Сталь вспорола воздух и плоть. Снежный осел, шипя, выпуская воздух. Не хрипел, бросок вышел сильным, нож попался острым и крепким, пробил горло до самого позвоночника. Любоваться результатом времени не было. И прятаться уже не стоило. Саблезуб добрался до своей цели, свалил ее и вроде как побеждал.
Стрела третьего вжикнула мимо кота. Азамат вскочил, понимая – успеет. Должен успеть. Время замерло.
Снежный заметил, развернулся, накладывая стрелу на тетиву. Тетива-то кожаная, вощеная, вон как звонко щелкнула по рукавице в прошлый раз, плевать ей на снег.
Азамат подкинул копье, отводя руку, и кинул, не целясь, направляя лишь инстинктом и добавляя точности гневом.
Стрела скользнула вперед, отпущенная сильными пальцами. Тетива, загудев, бросила острое жало в неожиданного врага и…
Копье ударило первым. Пролетело на секунду раньше. Ужалило в грудь, мягко пройдя через кожух и ребра.
Лук тенькнул, выбросив стрелу в совсем потемневшее небо. Азамат выдохнул, побежал добивать.

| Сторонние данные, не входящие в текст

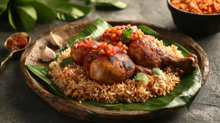 Experience the essence of traditional cuisine with this vibrant chicken biryani, beautifully arranged on a wooden plate, showcasing flavors and colors. Perfect for culinary enthusiasts.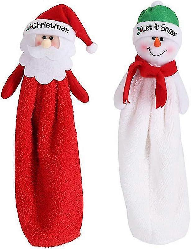2 Christmas Hand Towels, Santa Towels, Bath and Kitchen Flannel

Собаки? Убивать, чтобы заткнулись, – только время тратить. Выход он нашел быстро. Топор пригодился. Такие твари всегда голодны. А хозяина либо пленного жрать… этим все едино.
Саблезуб притрусил со стороны дальнего снежного. Брезгливо мотнул башкой, глядя на тварей, жадно рвущих мясо с отрубленной руки. И задрал ногу, пометив загородку и самих собак. От еды те так и не оторвались.

 

Изнутри холма тянуло давним живым теплом. Странная смесь, жутковатая, вызывающая дрожь. Пахло не просто людьми. Пахло людоедами. Не скрывающимися, опасными, спокойно охотящимися и разделывающими добычу. Даже та вонь, что остается после постоянной работы мездровальными ножами и дубления, угадывалась сразу. А что за кожи здесь чистили и дубили, Пуля не сомневался. Здесь жила смерть.
Внутреннего часового кот уловил сразу. Прижался, оскалил пасть. Спасибо, друг.
Азамат скользнул внутрь, бережно пришпилив караульного к стенке и обломав древко. Не упадет, на время кого-то даже обманет. Издалека, конечно. Хотя наружу он никого выпускать не собирался. Смерть здесь живет? Ничего. Эт нормально. Он сам-то похуже будет.
Если человек оборачивается зверем, так непременно должен выть, рычать, крушить и ломать. Ну, если смахивать на бешеного кабана, ищущего свинью, то да, наверное. Азамат, ощущая звериную ярость внутри, становился другим. Крадущимся, бесшумным и готовым ударить один раз. Но наверняка, чтобы не добивать. Именно так.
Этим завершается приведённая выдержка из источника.